» **ACTION ITEM**
Nothing outside the range is to be copied. From the entries below, reproduce exactly the lines starting at the one with "在全球瞩目的盛夏时节,奥运会" and ending at the one with "Diane Bonheur Blue", without pictures.

» **DATA FOR PROCESSING**
┄┄┄┄┄┄┄┄┄┄┄┄┄┄┄┄┄┄┄┄
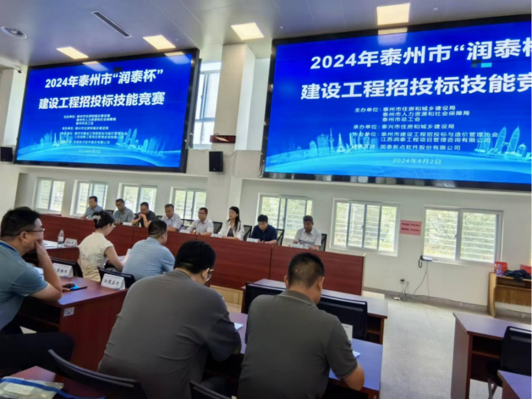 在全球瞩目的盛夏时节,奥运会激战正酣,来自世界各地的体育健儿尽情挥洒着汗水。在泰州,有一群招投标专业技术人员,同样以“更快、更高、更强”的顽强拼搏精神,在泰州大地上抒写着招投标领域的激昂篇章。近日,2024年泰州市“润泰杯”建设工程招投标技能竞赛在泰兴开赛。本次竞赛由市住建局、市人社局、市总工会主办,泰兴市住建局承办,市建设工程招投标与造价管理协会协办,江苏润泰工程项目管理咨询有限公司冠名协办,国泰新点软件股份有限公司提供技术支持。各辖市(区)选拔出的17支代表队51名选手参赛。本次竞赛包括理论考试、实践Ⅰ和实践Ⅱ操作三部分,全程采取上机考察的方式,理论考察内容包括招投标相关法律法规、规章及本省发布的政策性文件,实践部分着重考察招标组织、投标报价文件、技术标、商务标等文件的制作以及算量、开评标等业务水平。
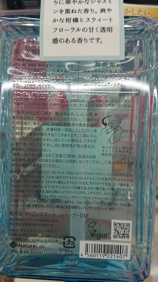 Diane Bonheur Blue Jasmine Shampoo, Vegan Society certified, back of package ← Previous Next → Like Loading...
┄┄┄┄┄┄┄┄┄┄┄┄┄┄┄┄┄┄┄┄
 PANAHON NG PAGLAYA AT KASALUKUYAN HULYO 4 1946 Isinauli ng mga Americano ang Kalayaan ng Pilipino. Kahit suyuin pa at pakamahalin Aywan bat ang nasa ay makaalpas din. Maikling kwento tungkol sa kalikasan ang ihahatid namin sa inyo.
┄┄┄┄┄┄┄┄┄┄┄┄┄┄┄┄┄┄┄┄
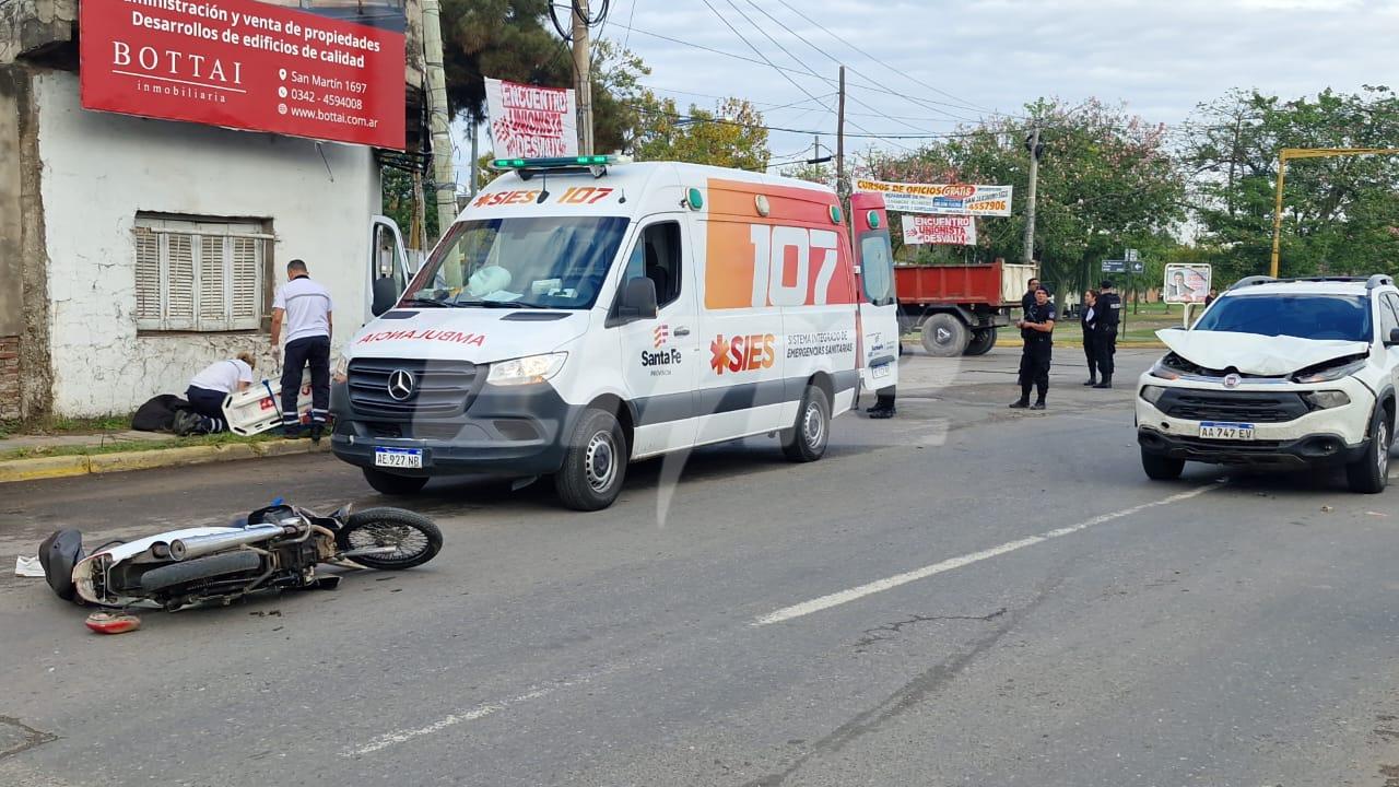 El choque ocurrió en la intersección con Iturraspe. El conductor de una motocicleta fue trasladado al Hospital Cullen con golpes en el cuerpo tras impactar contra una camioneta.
┄┄┄┄┄┄┄┄┄┄┄┄┄┄┄┄┄┄┄┄
» **ANSWER TO THE EXERCISE**
 在全球瞩目的盛夏时节,奥运会激战正酣,来自世界各地的体育健儿尽情挥洒着汗水。在泰州,有一群招投标专业技术人员,同样以“更快、更高、更强”的顽强拼搏精神,在泰州大地上抒写着招投标领域的激昂篇章。近日,2024年泰州市“润泰杯”建设工程招投标技能竞赛在泰兴开赛。本次竞赛由市住建局、市人社局、市总工会主办,泰兴市住建局承办,市建设工程招投标与造价管理协会协办,江苏润泰工程项目管理咨询有限公司冠名协办,国泰新点软件股份有限公司提供技术支持。各辖市(区)选拔出的17支代表队51名选手参赛。本次竞赛包括理论考试、实践Ⅰ和实践Ⅱ操作三部分,全程采取上机考察的方式,理论考察内容包括招投标相关法律法规、规章及本省发布的政策性文件,实践部分着重考察招标组织、投标报价文件、技术标、商务标等文件的制作以及算量、开评标等业务水平。
 Diane Bonheur Blue Jasmine Shampoo, Vegan Society certified, back of package ← Previous Next → Like Loading...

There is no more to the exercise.